Work done by the gravitational force

[eoghan]

Hi there!
I'd like to calculate the work done by the gravitational force. I know the work is defined by the integration of a 1-form:
$$L=\int_\gamma \omega$$
where
$$\omega=F_xdx+F_ydy+F_zdz$$

This works fine in cartesian coordinates and I know how to integrate it, but what if I want to use spherical coordinates?
Then I'd have:
$$\omega=F_rdr+F_{\theta}d{\theta}+F_{\phi}{d\phi}=F_rdr$$
Suppose $$\gamma$$ is a curve defined in spherical coordinates (i.e. $$\vec\gamma=R(t)\hat r+\Theta(t)\hat\theta+\Phi(t)\hat\phi$$),
how do I integrate the 1-form along $$\gamma$$?

 

[jtbell]

$$\omega=F_rdr+F_{\theta}d{\theta}+F_{\phi}{d\phi}=F_rdr$$

No, you need to use the line element in spherical coordinates:

$$d \vec l = dr \hat r + r d\theta \hat \theta + r \sin \theta d\phi \hat \phi$$

so that

$$\omega = F_r dr + F_\theta r d\theta + F_\phi r \sin \theta d\phi$$

Now, what are $F_r$, $F_\theta$, and $F_\phi$?

 

[eoghan]

No, you need to use the line element in spherical coordinates:

$$d \vec l = dr \hat r + r d\theta \hat \theta + r \sin \theta d\phi \hat \phi$$

so that

$$\omega = F_r dr + F_\theta r d\theta + F_\phi r \sin \theta d\phi$$

Now, what are $F_r$, $F_\theta$, and $F_\phi$?

Then the integral is like this?

$$\int_\gamma \omega = \int_{t_0}^{t_1} \vec F \cdot\frac{d\vec l}{dt}dt=\int_{t_0}^{t_1} \left( F_r\frac{dr}{dt}+F_\theta r \frac{d\theta}{dt}+F_\phi rsin\theta\frac{d\phi}{dt}\right)dt$$

 

[MaxwellsDemon]

Wouldn't the work done when moving between two points in a gravitational field just be the difference between the potential energies at those two points?
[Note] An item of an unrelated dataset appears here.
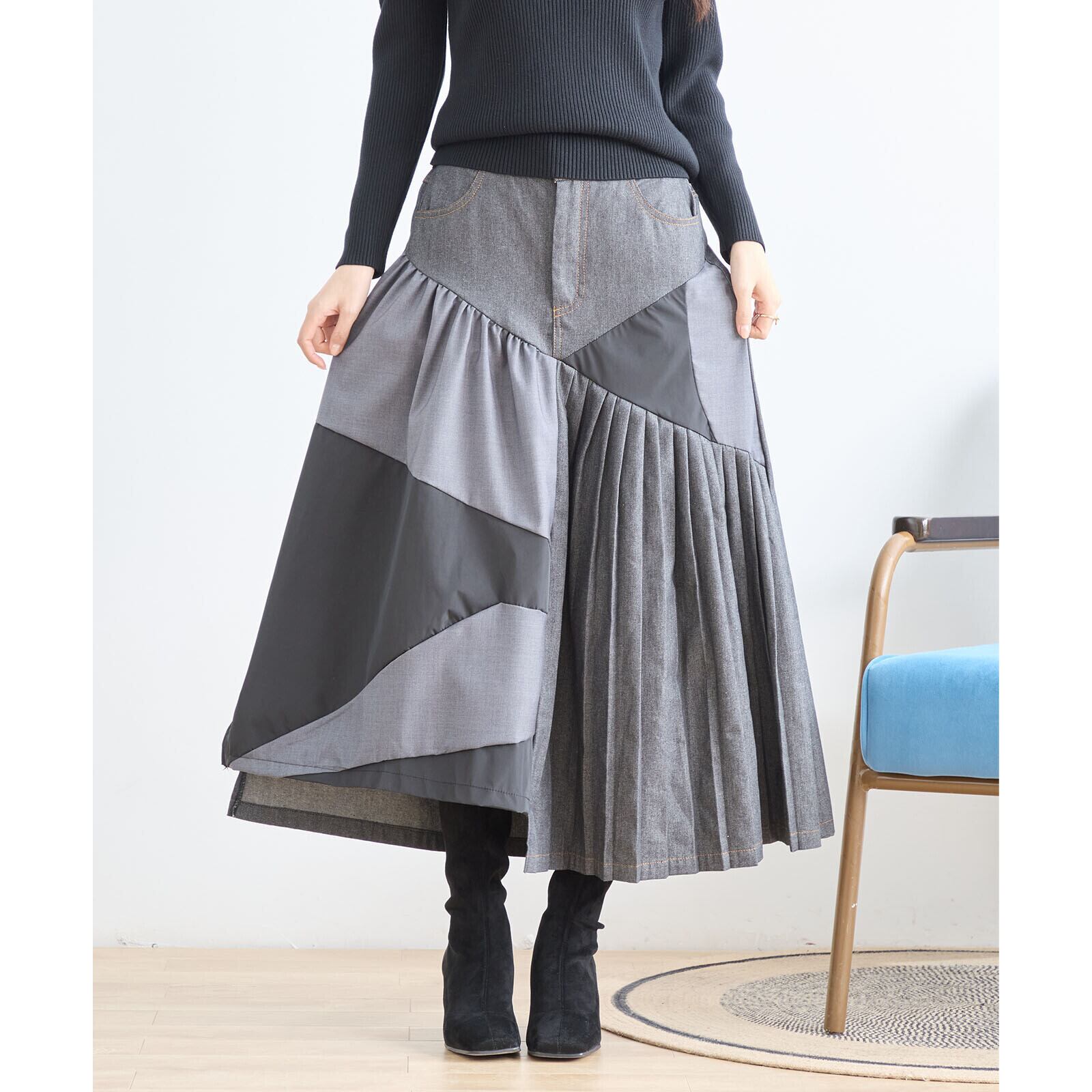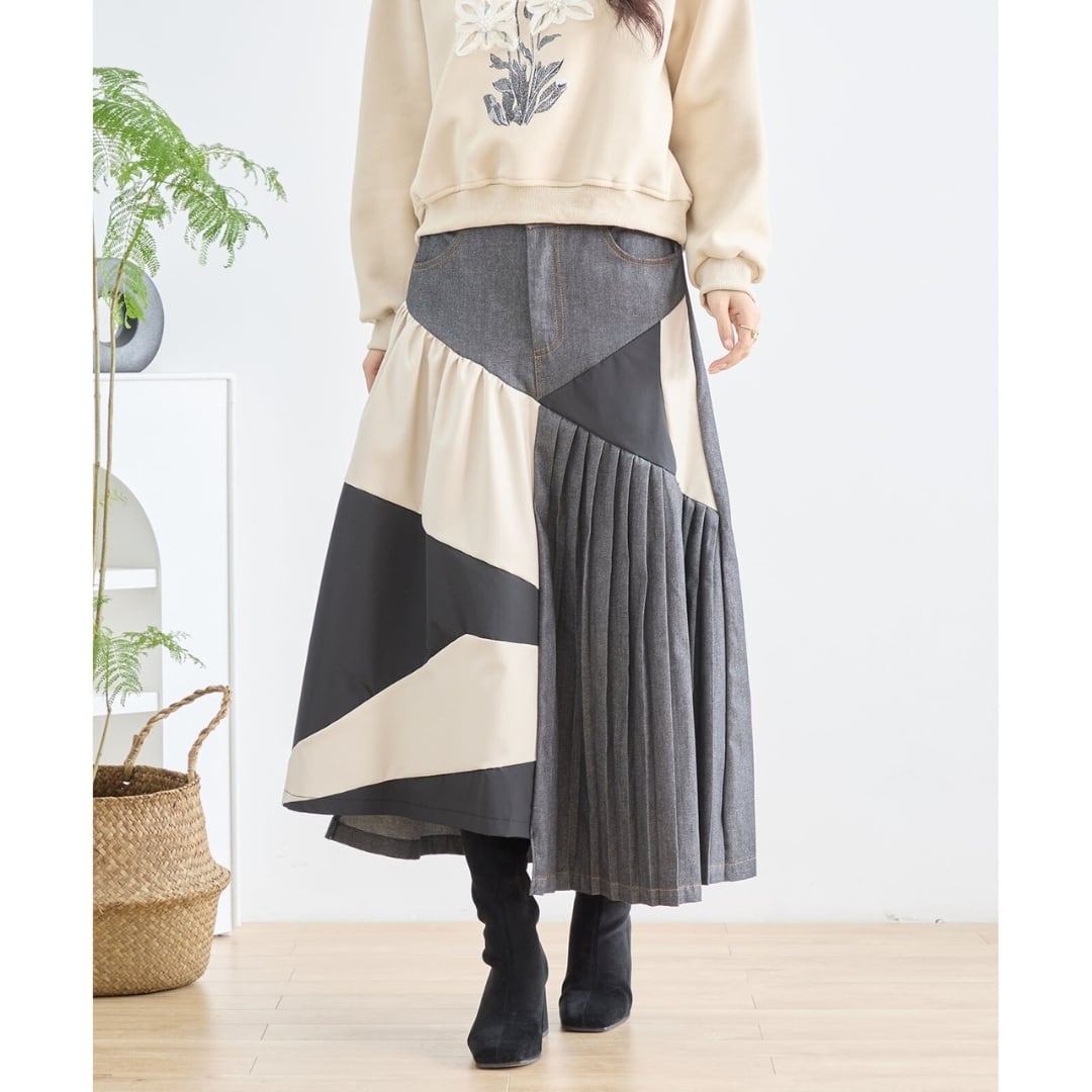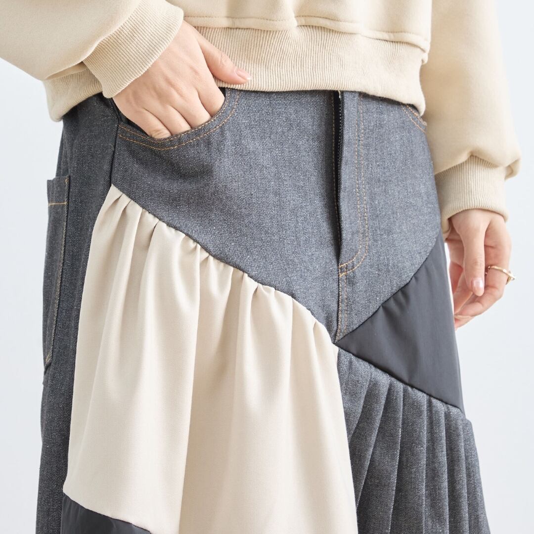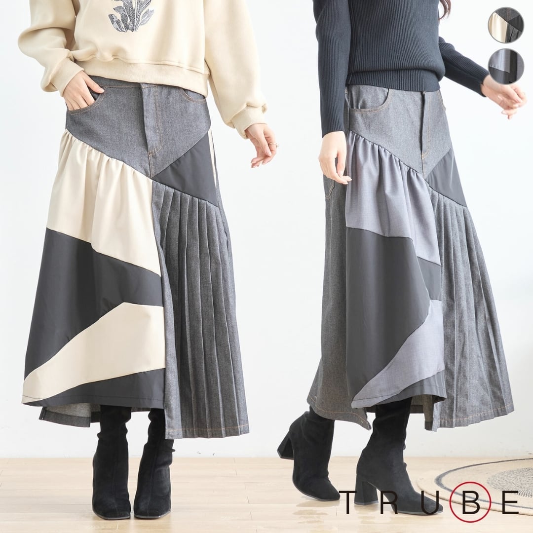 [新作][TRUBE]異素材プリーツデザインスカート ロングスカート デニムスカート ギャザー カジュアル Aライン 全2色

You'd really only need to worry about the up direction...or r in spherical polar coordinates...if the coordinate origin is the Earth's center.

 

[PJC01]

Hello! Great question. To calculate the work done by the gravitational force in spherical coordinates, we can use the same formula for work (L = ∫ω) but with the appropriate components of the force (F_r, F_θ, and F_φ) and differentials (dr, dθ, and dφ). So the integral would look like this:
L = ∫F_rdr + ∫F_θdθ + ∫F_φdφ
To evaluate each of these integrals, we would need to use the appropriate limits of integration for each coordinate (r, θ, and φ) along the curve γ. This may require some manipulation and substitution to get the limits in terms of t, the parameter along the curve. Once we have the limits, we can integrate each component separately and add them together to get the total work done by the gravitational force. I hope this helps! Let me know if you have any further questions.